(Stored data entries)
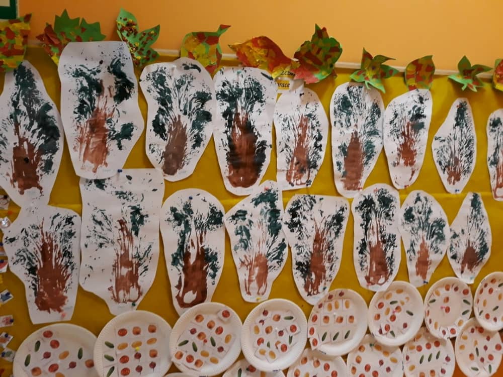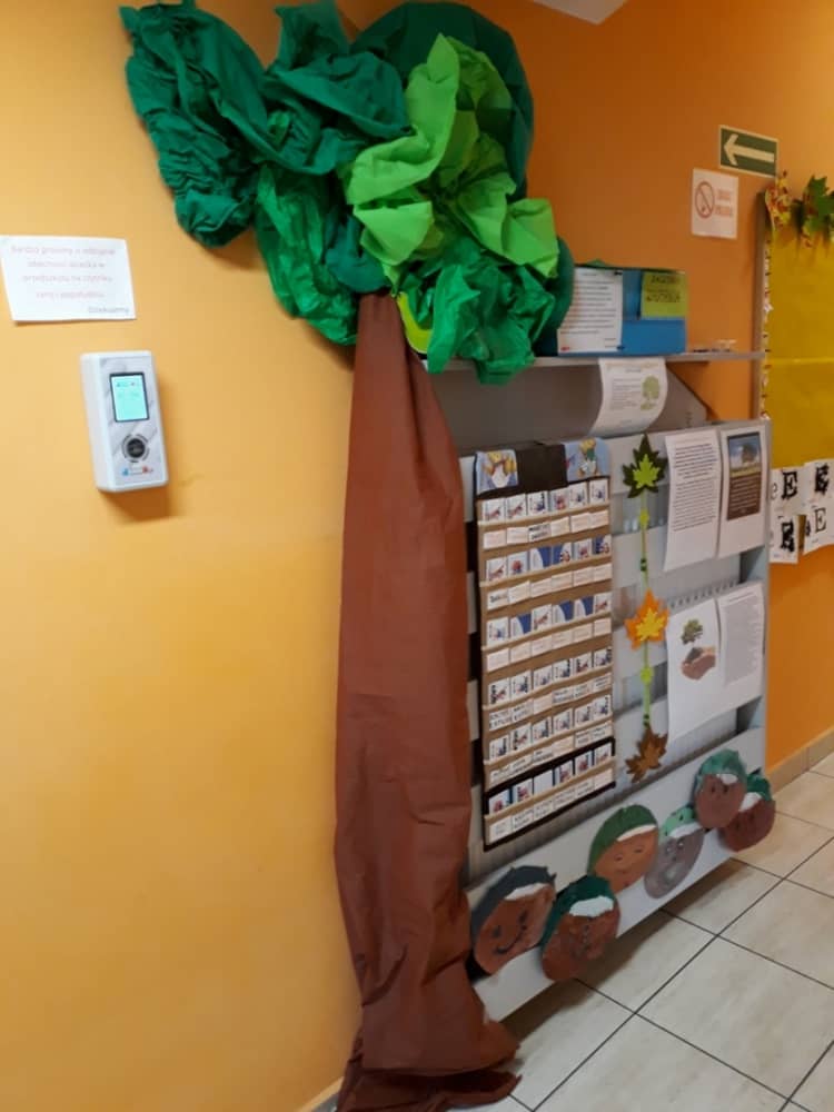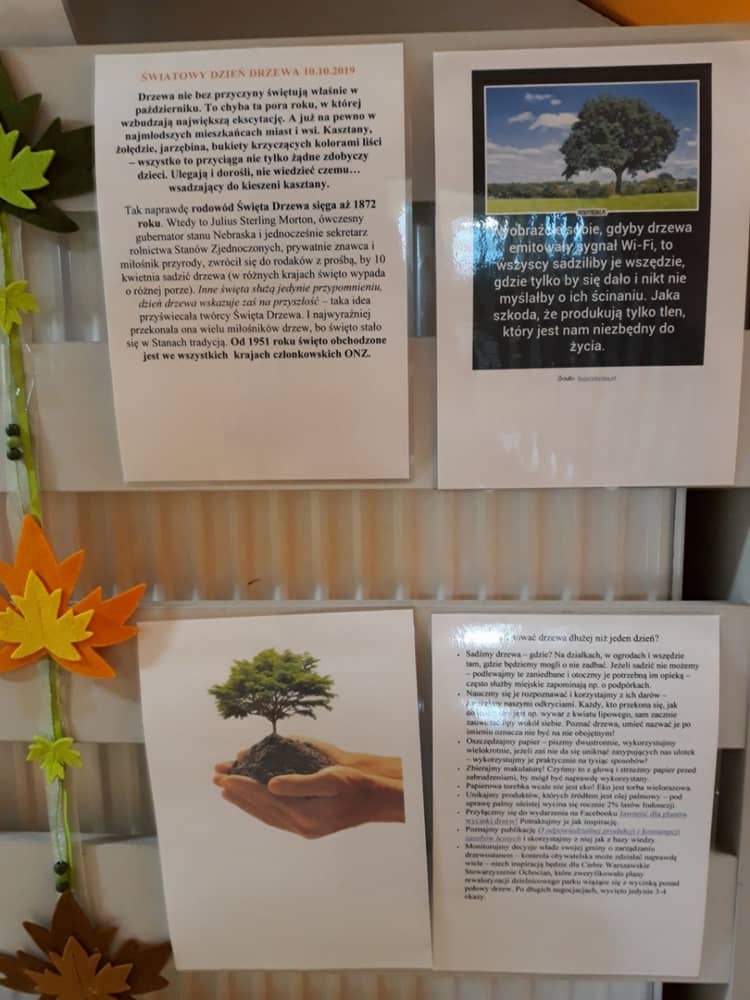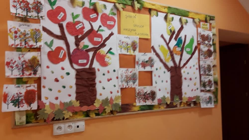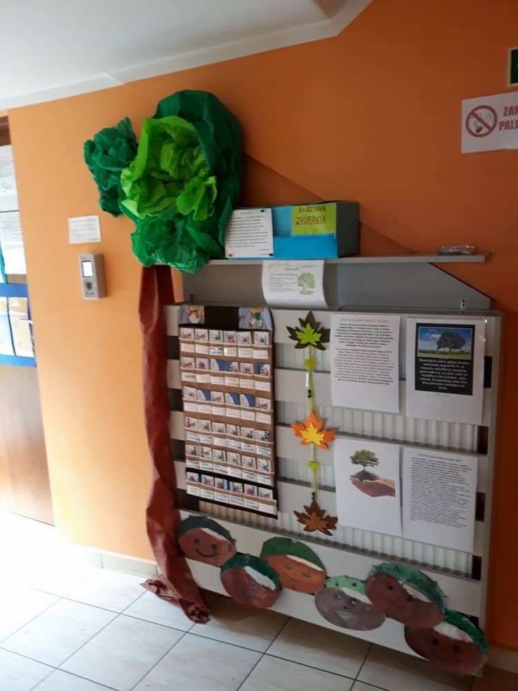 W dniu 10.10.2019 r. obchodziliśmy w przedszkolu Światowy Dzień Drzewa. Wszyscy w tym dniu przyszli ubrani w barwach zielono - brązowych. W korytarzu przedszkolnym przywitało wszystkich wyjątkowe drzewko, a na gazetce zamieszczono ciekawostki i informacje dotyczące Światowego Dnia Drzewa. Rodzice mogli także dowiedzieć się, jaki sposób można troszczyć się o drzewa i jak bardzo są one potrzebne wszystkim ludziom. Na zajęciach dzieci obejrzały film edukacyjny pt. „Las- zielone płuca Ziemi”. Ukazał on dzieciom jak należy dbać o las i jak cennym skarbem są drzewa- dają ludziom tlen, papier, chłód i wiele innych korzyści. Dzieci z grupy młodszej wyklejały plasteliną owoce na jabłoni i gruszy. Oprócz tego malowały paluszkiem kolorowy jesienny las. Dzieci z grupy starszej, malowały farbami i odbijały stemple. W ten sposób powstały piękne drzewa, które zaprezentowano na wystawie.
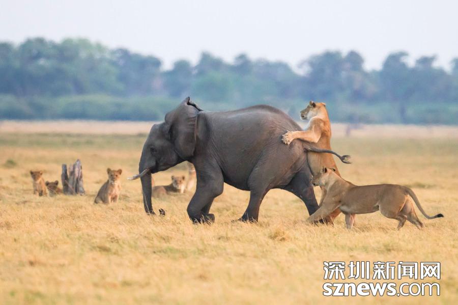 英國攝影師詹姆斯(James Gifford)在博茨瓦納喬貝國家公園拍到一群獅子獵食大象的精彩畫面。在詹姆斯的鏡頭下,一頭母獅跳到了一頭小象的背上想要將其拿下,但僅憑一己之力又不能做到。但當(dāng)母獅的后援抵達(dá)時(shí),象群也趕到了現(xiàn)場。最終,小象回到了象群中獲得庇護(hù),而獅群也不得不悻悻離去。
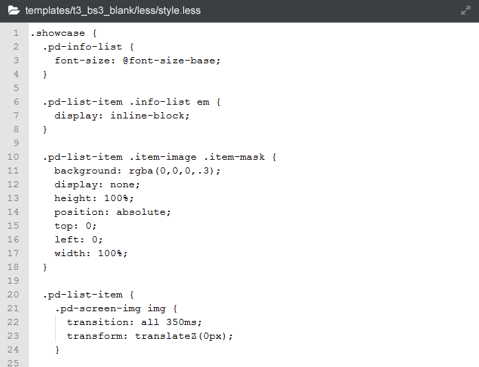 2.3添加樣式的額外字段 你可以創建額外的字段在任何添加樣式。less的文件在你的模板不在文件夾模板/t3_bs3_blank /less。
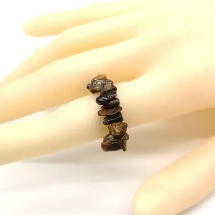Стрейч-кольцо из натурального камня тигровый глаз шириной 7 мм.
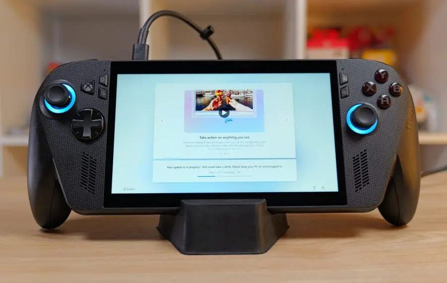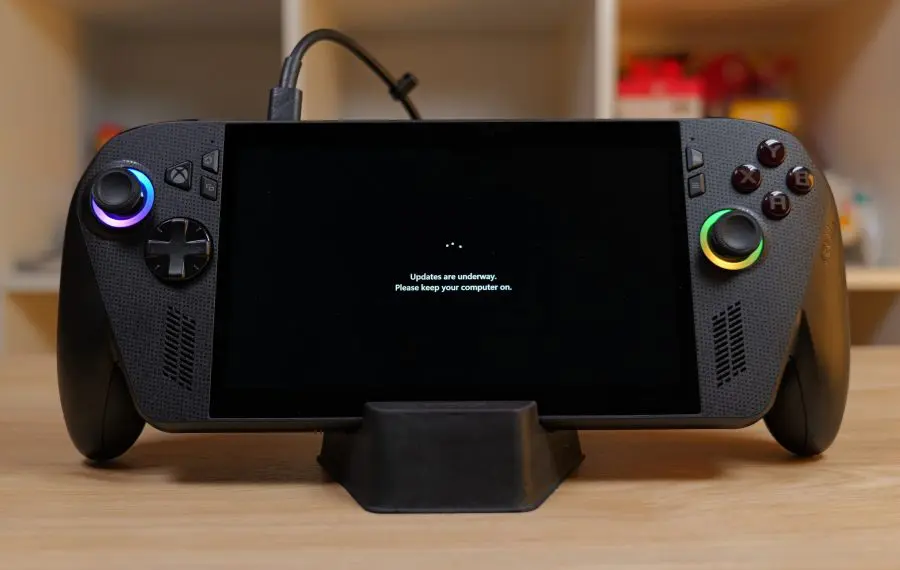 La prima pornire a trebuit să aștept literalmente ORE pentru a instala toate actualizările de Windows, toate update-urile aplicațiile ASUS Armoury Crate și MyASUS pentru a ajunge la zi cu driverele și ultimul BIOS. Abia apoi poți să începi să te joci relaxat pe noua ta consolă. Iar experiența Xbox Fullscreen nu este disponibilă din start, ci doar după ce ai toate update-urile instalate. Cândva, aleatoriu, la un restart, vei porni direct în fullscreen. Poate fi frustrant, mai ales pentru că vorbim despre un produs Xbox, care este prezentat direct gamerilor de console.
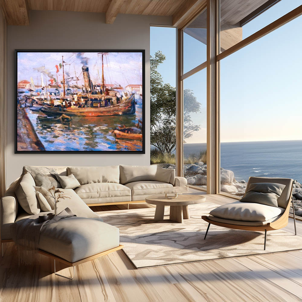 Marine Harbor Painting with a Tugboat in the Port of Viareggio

■ **Work to complete**
Reproduce the lines from the line with "La prima pornire" through the last line of the entries exactly, including both ends and excluding pictures.

■ **Problem solution**
 La prima pornire a trebuit să aștept literalmente ORE pentru a instala toate actualizările de Windows, toate update-urile aplicațiile ASUS Armoury Crate și MyASUS pentru a ajunge la zi cu driverele și ultimul BIOS. Abia apoi poți să începi să te joci relaxat pe noua ta consolă. Iar experiența Xbox Fullscreen nu este disponibilă din start, ci doar după ce ai toate update-urile instalate. Cândva, aleatoriu, la un restart, vei porni direct în fullscreen. Poate fi frustrant, mai ales pentru că vorbim despre un produs Xbox, care este prezentat direct gamerilor de console.
 Marine Harbor Painting with a Tugboat in the Port of Viareggio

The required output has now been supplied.